What you have to do -
Please print, exactly, only the lines in the entries below from the line that has "下图是沃尔玛和亚马逊2017" through the line that has "- 商品説明:3.5mmジャ". Pictures don't go in.

Input data -
**********

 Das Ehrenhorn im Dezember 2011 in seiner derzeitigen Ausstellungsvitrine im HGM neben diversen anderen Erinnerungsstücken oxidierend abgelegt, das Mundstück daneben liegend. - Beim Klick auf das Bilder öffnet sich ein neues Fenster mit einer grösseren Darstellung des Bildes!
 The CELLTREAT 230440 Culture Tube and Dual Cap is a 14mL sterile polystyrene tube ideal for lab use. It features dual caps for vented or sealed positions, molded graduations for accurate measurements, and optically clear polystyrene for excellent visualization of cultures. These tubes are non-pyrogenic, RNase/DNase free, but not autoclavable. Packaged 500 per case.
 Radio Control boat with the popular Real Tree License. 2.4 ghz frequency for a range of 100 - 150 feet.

**********

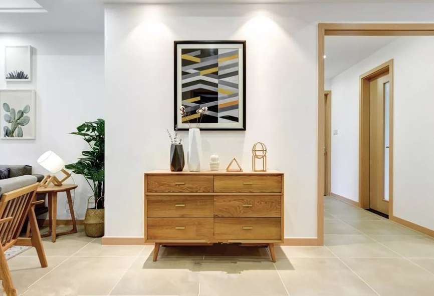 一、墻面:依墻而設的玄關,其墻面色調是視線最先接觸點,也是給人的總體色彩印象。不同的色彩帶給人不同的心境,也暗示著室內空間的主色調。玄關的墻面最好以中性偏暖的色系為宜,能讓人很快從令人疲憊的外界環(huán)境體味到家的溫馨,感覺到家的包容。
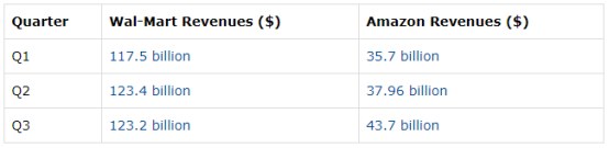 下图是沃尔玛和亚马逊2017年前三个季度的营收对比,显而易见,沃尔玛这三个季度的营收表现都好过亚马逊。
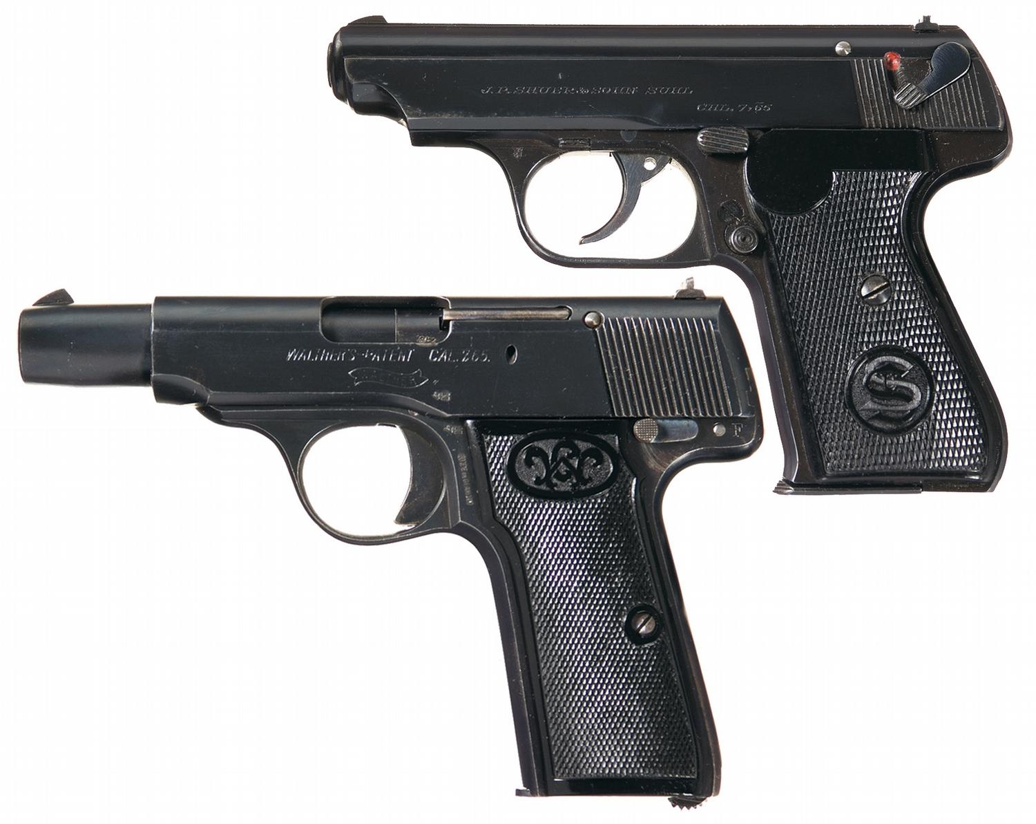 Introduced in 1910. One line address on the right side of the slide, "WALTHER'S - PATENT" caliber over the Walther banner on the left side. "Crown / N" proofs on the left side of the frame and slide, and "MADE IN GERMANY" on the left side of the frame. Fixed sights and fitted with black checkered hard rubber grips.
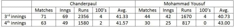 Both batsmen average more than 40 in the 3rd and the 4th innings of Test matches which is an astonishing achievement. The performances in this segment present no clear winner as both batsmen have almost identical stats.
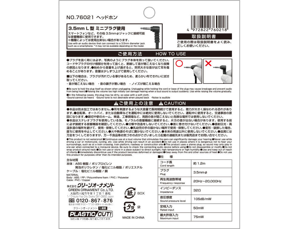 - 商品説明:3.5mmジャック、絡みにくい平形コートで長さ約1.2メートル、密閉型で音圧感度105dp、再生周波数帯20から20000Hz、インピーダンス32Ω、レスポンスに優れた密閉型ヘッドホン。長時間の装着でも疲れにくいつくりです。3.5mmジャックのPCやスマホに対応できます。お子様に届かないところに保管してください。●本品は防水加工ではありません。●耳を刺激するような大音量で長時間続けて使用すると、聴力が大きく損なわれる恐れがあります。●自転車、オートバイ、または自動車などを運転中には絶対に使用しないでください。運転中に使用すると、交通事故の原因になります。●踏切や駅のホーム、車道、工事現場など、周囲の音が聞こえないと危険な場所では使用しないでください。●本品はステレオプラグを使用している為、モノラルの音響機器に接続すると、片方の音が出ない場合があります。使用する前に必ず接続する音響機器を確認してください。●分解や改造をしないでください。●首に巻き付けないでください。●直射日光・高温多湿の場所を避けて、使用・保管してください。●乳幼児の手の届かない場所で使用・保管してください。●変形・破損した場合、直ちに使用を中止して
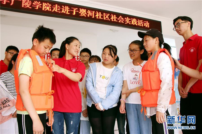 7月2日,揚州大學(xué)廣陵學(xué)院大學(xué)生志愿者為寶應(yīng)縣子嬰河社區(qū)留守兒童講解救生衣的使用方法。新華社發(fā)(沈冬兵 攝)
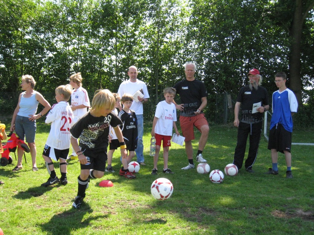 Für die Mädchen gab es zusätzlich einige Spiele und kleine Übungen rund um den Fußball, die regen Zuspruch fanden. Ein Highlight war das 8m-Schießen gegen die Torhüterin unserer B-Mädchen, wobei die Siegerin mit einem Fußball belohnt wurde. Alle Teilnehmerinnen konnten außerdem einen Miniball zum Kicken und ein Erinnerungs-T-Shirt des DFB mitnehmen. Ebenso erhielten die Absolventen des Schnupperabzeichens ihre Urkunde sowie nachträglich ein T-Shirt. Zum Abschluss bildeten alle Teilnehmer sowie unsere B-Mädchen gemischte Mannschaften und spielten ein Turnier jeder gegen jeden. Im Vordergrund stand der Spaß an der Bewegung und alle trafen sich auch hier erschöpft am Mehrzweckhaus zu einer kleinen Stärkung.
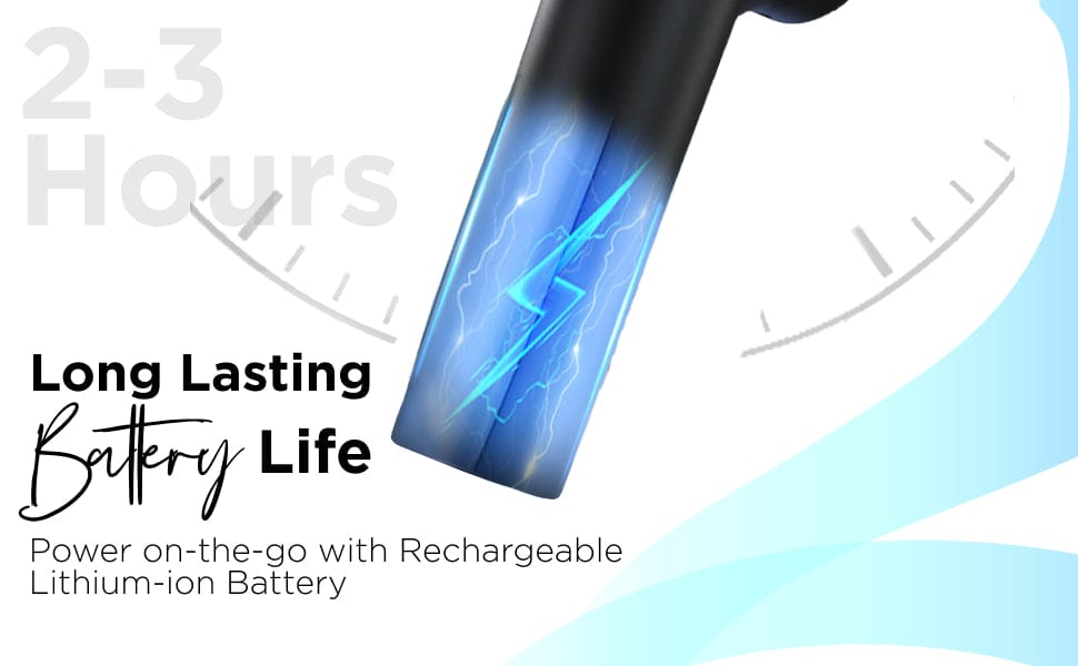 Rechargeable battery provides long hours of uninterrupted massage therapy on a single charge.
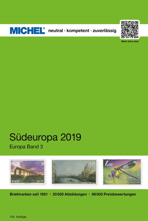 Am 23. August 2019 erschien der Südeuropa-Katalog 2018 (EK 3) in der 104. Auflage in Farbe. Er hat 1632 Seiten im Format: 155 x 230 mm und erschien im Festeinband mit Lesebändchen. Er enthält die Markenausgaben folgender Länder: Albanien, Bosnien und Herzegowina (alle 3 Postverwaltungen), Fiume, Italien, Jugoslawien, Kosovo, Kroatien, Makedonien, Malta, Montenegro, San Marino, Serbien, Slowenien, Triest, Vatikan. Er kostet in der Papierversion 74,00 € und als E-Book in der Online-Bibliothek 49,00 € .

**********

Response to this task -
 下图是沃尔玛和亚马逊2017年前三个季度的营收对比,显而易见,沃尔玛这三个季度的营收表现都好过亚马逊。
 Introduced in 1910. One line address on the right side of the slide, "WALTHER'S - PATENT" caliber over the Walther banner on the left side. "Crown / N" proofs on the left side of the frame and slide, and "MADE IN GERMANY" on the left side of the frame. Fixed sights and fitted with black checkered hard rubber grips.
 Both batsmen average more than 40 in the 3rd and the 4th innings of Test matches which is an astonishing achievement. The performances in this segment present no clear winner as both batsmen have almost identical stats.
 - 商品説明:3.5mmジャック、絡みにくい平形コートで長さ約1.2メートル、密閉型で音圧感度105dp、再生周波数帯20から20000Hz、インピーダンス32Ω、レスポンスに優れた密閉型ヘッドホン。長時間の装着でも疲れにくいつくりです。3.5mmジャックのPCやスマホに対応できます。お子様に届かないところに保管してください。●本品は防水加工ではありません。●耳を刺激するような大音量で長時間続けて使用すると、聴力が大きく損なわれる恐れがあります。●自転車、オートバイ、または自動車などを運転中には絶対に使用しないでください。運転中に使用すると、交通事故の原因になります。●踏切や駅のホーム、車道、工事現場など、周囲の音が聞こえないと危険な場所では使用しないでください。●本品はステレオプラグを使用している為、モノラルの音響機器に接続すると、片方の音が出ない場合があります。使用する前に必ず接続する音響機器を確認してください。●分解や改造をしないでください。●首に巻き付けないでください。●直射日光・高温多湿の場所を避けて、使用・保管してください。●乳幼児の手の届かない場所で使用・保管してください。●変形・破損した場合、直ちに使用を中止して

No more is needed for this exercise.